Harris-Dawson believes the fact that he does not speak Spanish is not an obstacle, but he often partners with Community Coalition, the South L.A. nonprofit organization he headed before being elected to the council.

The group provides translation devices that allow member Irlanda Gonzalez to convert the English dialogue to Spanish. At a meeting last summer, coalition President Alberto Retana introduced Harris-Dawson in Spanish, stressing the importance of blacks and Latinos working together to improve the district.

He’s of a younger generation that gets the mixture that he inherited. He understands the dynamics of the Latino majority and works that dynamic.
Jaime Regalado, a emeritus professor of political science at Cal State Los Angeles

“He’s of a younger generation that gets the mixture that he inherited,” said Jaime Regalado, emeritus professor of political science at Cal State Los Angeles. “He understands the dynamics of the Latino majority and works that dynamic.”


Harris-Dawson replaced Parks after he termed out following 12 years on the dais. The men have different demeanors and styles of governing.

Over the years, the two men’s relationship became strained. They last spoke in 2009, when Harris-Dawson, then the head of Community Coalition, tried to shut down a liquor store in the 8th District that he said was a nuisance.

Parks accused Harris-Dawson of grandstanding by “creating solutions for nonexistent problems.”

The divide widened, Harris-Dawson said, when Parks said the 8th District had turned into a “poverty pit” after his colleagues redrew his district to cut out three major assets: USC, the Coliseum and Leimert Park, the African American cultural hub.

“I was really insulted by the statement because I live here,” Harris-Dawson said.

Politically he’s often aligned with the other two South L.A. councilmen, Herb Wesson and Curren Price.

“Marqueece is doing all the right things to bring everybody to the table,” Givens, the political consultant, said. “He’s talking to folks and inviting people and getting people’s opinion and calling people. He has done a lot of outreach. That’s not Bernard Parks whatsoever.”

Parks said Harris-Dawson is too similar to Wesson and Price.

“To me, you didn’t get elected to get along,” he said. “You got elected to represent the community.... This collegial, I don’t know what that means. Does it mean when you have a differing of opinions you shrink and say nothing?”

Waves of Mexican and Central American immigrants have transformed the historically black neighborhood so that it is now majority Latino.
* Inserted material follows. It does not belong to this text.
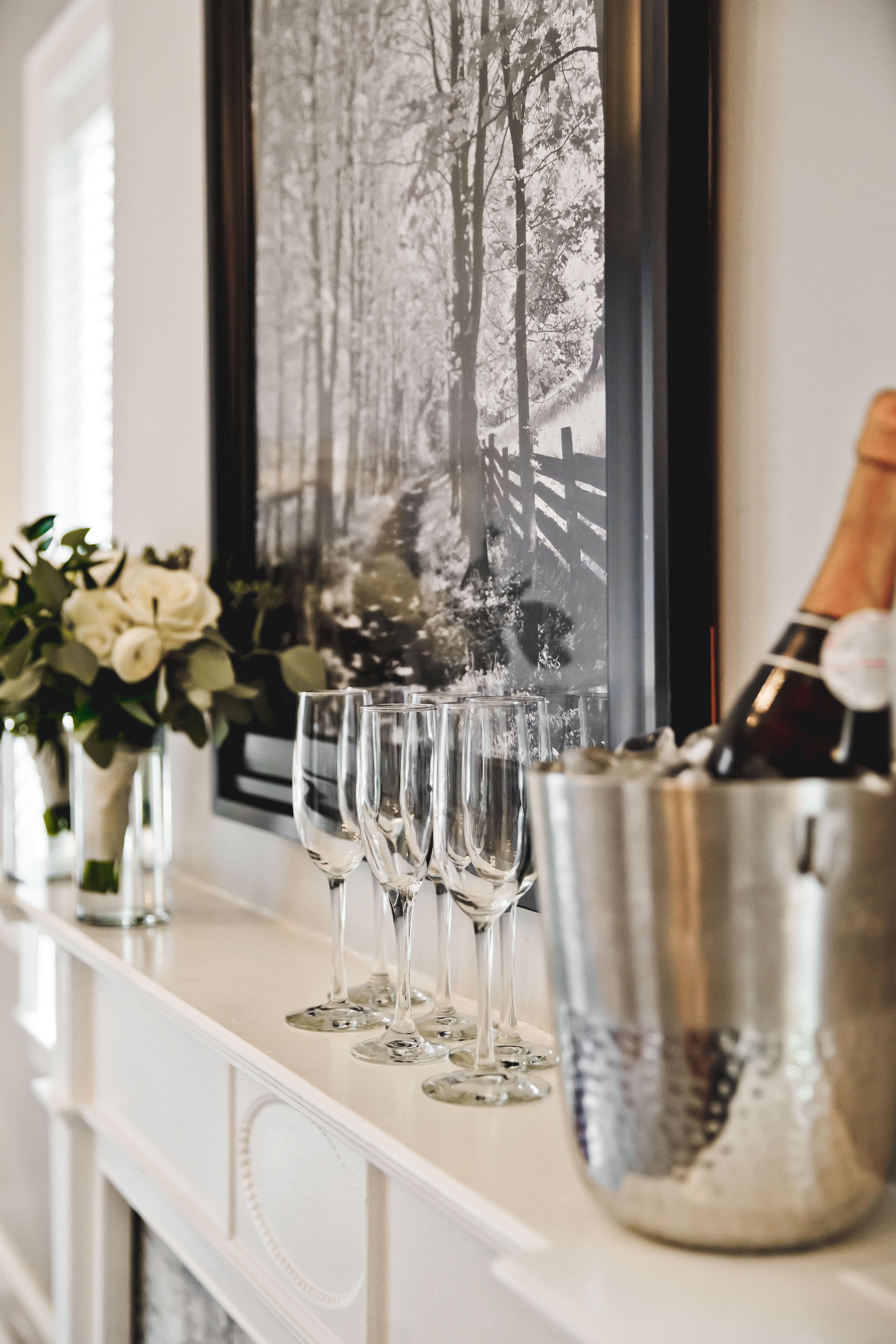 Sip champagne and relax with your girls! The Bridal Suite features two rooms, a large closet, 2 stations with mirrored tables and Chiavari chairs, 2 couches to lounge and relax the morning of your wedding day! One room offers a quiet space for the Bride to relax and enjoy the moments before walking down the aisle and features a large mirror that is perfect for pictures and admiring your beautiful gown.

Still, it remains a black political powerhouse. Many black politicians’ districts — supervisorial, Congress, Assembly and state Senate seats — overlap the 8th District.

It is also one of the poorest council districts with some of the highest crime rates. Last summer, at least 43 homicides occurred in the 8th District, the highest in L.A.

Decades ago, during a far more violent time in the city’s history, drive-by shootings and gang sweeps forced Harris-Dawson’s family to move to the other side of L.A. County — to the foothill communities of Altadena and Arcadia.

There, Harris-Dawson attended San Gabriel Valley schools, which saw an influx of immigrants from China, Taiwan and Mexico and a shrinking white population. On weekends, he visited his grandfather in Baldwin Hills.

He studied political science and mathematics at Morehouse College, an all-male historically black institution in Atlanta. From his college dorm 3,000 miles away, Harris-Dawson watched on TV as neighborhoods in L.A. burned during the 1992 riots. He vowed to return to his city. During freshman orientation, the dean told the group of young men, dressed in button-down shirts and ties, to look around them.

“You will never as long as you live in the United States be in a room with this many black men unless you go to prison,” Harris-Dawson recalled. He did, in 1995, when he attended the Million Man March in Washington.

After college he settled back in South L.A. as many black families began to move out, including to cities in Riverside and San Bernardino counties.

He may turn out to be the 8th District’s last black councilman. But he said he’s determined to help the neighborhoods he has been sworn to represent, regardless of how they look and what language they speak.

“If we improve the quality of life, it helps everybody,” he said.